▸ **Task to carry out**:
Return the full listing unchanged, apart from leaving out its images.

▸ **Information supplied**:
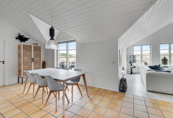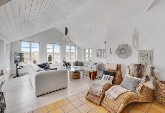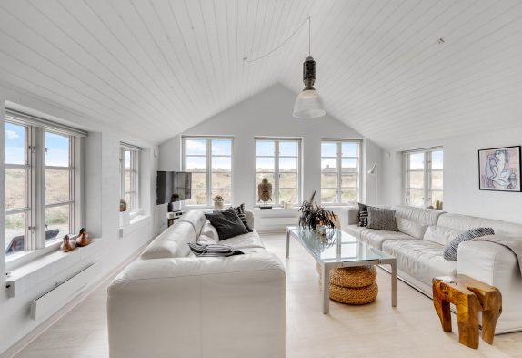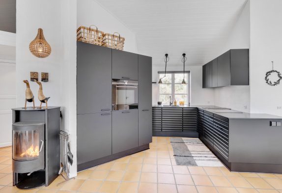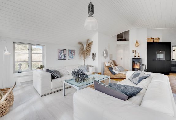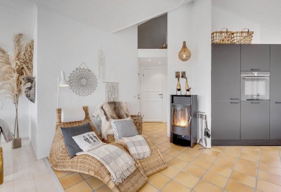 Køkkenet er i åben forbindelse med spisestuen. Køkkenet er yderst veludstyret, og her kunne amatørkokken uden tvivl forberede en lækker middag. I den hyggelige og smagfuldt indrettede stue er der et smukt lysindfald fra de høje vinduespartier og ikke mindst en fantastisk udsigt. Her finder I flere hyggekroge, hvor I kan slå jer ned og slappe af. Endnu et af sommerhusets highlights er brændeovnen, der på de køligere dage kan hjælpe med at varme sommerhuset op, og ikke mindst hjælpe med at sprede en masse feriehygge og god atmosfære
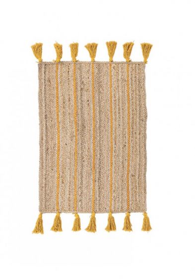 Το προϊόν αποστέλλεται 21-30 ημέρες μετά την παραγγελία ή μπορεί να παραληφθεί από το κατάστημα σε 21-30 ημέρεςΧαλί με φυσική σύνθεση από γιούτα και κίτρινες διακοσμητικές φουντίτσες.
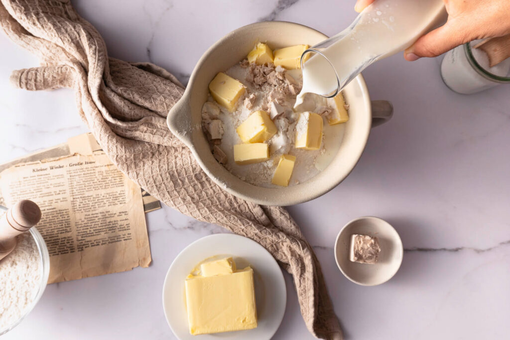 Füge nun die Milch hinzu. Wenn es mal schneller gehen soll: du kannst auch lauwarme Milch verwenden. Achte hierbei aber darauf, dass die Milch nicht wärmer als 40°C ist, denn sonst geht deine Hefe kaputt. Alternativ kannst du deinen Teig auch im Backofen bei 40°C gehen lassen.
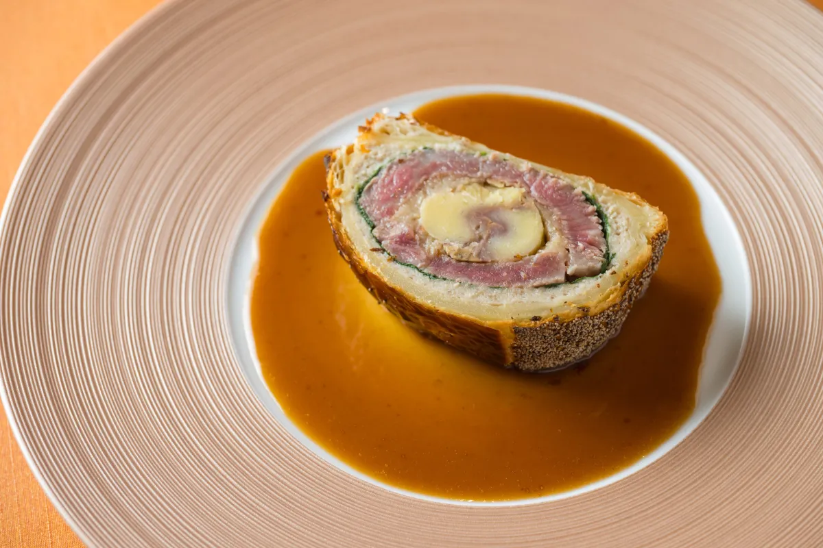 まずご紹介するのは、東京都渋谷にある「モノリス」で提供される「茨城県産食材フェア コース」です。こちらのコースでは、「常陸牛 煌」のサーロインを主役にしたパイ包み焼きが楽しめます。その肉厚でとろける食感は、一度食べたら忘れられない味わい。この料理では、茨城県産の栗やほうれん草、鶏肉、そしてキノコが絶妙に組み合わさった具材が香ばしいパイ生地に包まれ、さらにラム酒を加えたソースが全体を引き立てています。

▸ **Result of this task**:
 Køkkenet er i åben forbindelse med spisestuen. Køkkenet er yderst veludstyret, og her kunne amatørkokken uden tvivl forberede en lækker middag. I den hyggelige og smagfuldt indrettede stue er der et smukt lysindfald fra de høje vinduespartier og ikke mindst en fantastisk udsigt. Her finder I flere hyggekroge, hvor I kan slå jer ned og slappe af. Endnu et af sommerhusets highlights er brændeovnen, der på de køligere dage kan hjælpe med at varme sommerhuset op, og ikke mindst hjælpe med at sprede en masse feriehygge og god atmosfære
 Το προϊόν αποστέλλεται 21-30 ημέρες μετά την παραγγελία ή μπορεί να παραληφθεί από το κατάστημα σε 21-30 ημέρεςΧαλί με φυσική σύνθεση από γιούτα και κίτρινες διακοσμητικές φουντίτσες.
 Füge nun die Milch hinzu. Wenn es mal schneller gehen soll: du kannst auch lauwarme Milch verwenden. Achte hierbei aber darauf, dass die Milch nicht wärmer als 40°C ist, denn sonst geht deine Hefe kaputt. Alternativ kannst du deinen Teig auch im Backofen bei 40°C gehen lassen.
 まずご紹介するのは、東京都渋谷にある「モノリス」で提供される「茨城県産食材フェア コース」です。こちらのコースでは、「常陸牛 煌」のサーロインを主役にしたパイ包み焼きが楽しめます。その肉厚でとろける食感は、一度食べたら忘れられない味わい。この料理では、茨城県産の栗やほうれん草、鶏肉、そしてキノコが絶妙に組み合わさった具材が香ばしいパイ生地に包まれ、さらにラム酒を加えたソースが全体を引き立てています。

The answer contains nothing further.